— Не спорь с матерью! — пресекая попытки дальнейших споров,
отрезал Михаил Матвеевич. — Ты тогда еще младше Коленьки была,
совсем ни шиша не помнишь. Нельзя не ездить… нельзя. А и не брать
их если, что тогда? Кого бабке оставлять будем? Тебя? Маму? Или,
может, Кольку ей сбросим? На кого Хугинн укажет, а?
Не решаясь спорить с отцом, Люся спрятала глаза. И все же,
стараясь оставить последнее слово за собой, раздраженно
бросила:
— И стоило тогда комедию ломать? Сразу бы его бабке отдали, так
уже бы сто раз назад вернуться успели.
— А вдруг бы в этот раз не взяла? — отрешенно пробормотал Михаил
Матвеевич. — Нельзя сразу… Не по-божески как-то.
— А держать детей в душной машине на такой жаре — это
по-божески? Меня, между прочим, на турбазе заждались уже
наверное!
— Да кому ты там нужна, шалава крашенная? — по-взрослому зло
съехидничал Коленька.
— Ах ты, ублюдок мелкий!
Люся удивленно округлила глаза и попыталась отвесить младшему
брату подзатыльник, но тот проворно перехватил руку, с неожиданной
силой отведя ее в сторону. Глядя прямо в глаза девушке в два раза
выше и больше его самого, он предостерегающе покачал головой, и
Люся, вывернув покрасневшее запястье из стальных пальцев маленького
мальчика, поспешно отошла в сторону. Коленька проводил ее тяжелым
взглядом, в котором еле видной искоркой мерцала победная ухмылка.

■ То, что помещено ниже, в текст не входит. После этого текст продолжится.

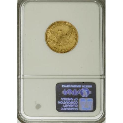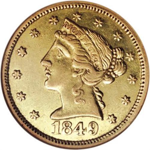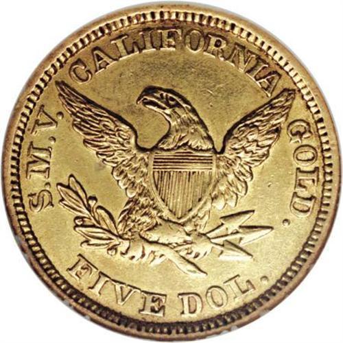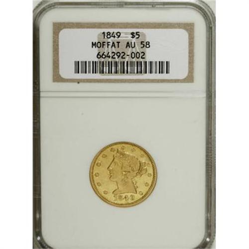 <B>1849 $5 Moffat & Co. Five Dollar AU58 NGC.</B></I> K-4, R.5. Almost full luster remains on this near-Mint example with subtle frost on otherwise satin surfaces. Bright yellow color is subdued by pale orange on the highpoints, indicating a trace of wear. Apparently an early strike from perfect, uncracked dies. Moffat & Co. was one of the early gold issuers in California, maintaining an element of respect during a time when certain other firms were discredited. Listed on page 352 of the 2008 <I>Guide Book</B></I>.<BR><BR><b>Shipping:</b> Coins & Currency (<a target="_blank" href="http://www.heritageauctions.com/common/shipping.php">view shipping information</a>)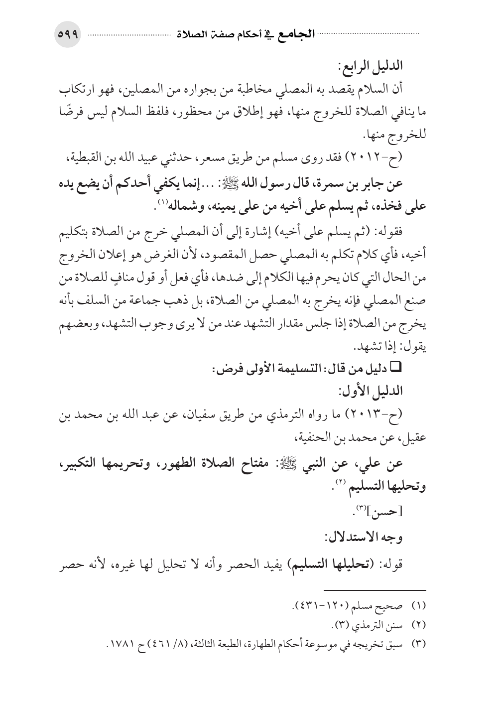 قوله: (تحليلها التسليم) يفيد الحصر وأنه لا تحليل لها غيره، لأنه حصر

Он вперевалочку подбежал к матери, дернул ее за руку и противно
загундосил:
— Ма-а-ам, я пися-а-ать хо-чу-у-у!
— Пап, поехали уже… — согласилась Люся, потирая запястье.
— Да, Мишенька, правда, поехали домой, а?
Стоящий на краю могилы Михаил Матвеевич встрепенулся, услыхав
свое имя.
— И то верно. Старую проведали, можно и домой. Давайте-ка,
раньше начнем — раньше закончим… раньше дома будем.
Сбросив гипнотическое оцепенение, навеянное бездонной земляной
ямой, он подошел к багажнику «Волги» и вынул оттуда большую лопату
с широким лезвием. Следом на свет появились две лопаты поменьше —
для женщин. Последним из багажника был извлечен небольшой
металлический совок на длинной ручке. Маленький Коленька очень
любил чувствовать себя частью большого семейного дела.
Прямо дороженька: насыпи
узкие,
Столбики, рельсы, мосты.
А по бокам-то все косточки
русские…
Сколько их! Ванечка, знаешь ли
ты?
Н.А. Некрасов
К ночи, когда из всего освещения в купе работали только фонари в
изголовье, попутчица впервые отложила книгу.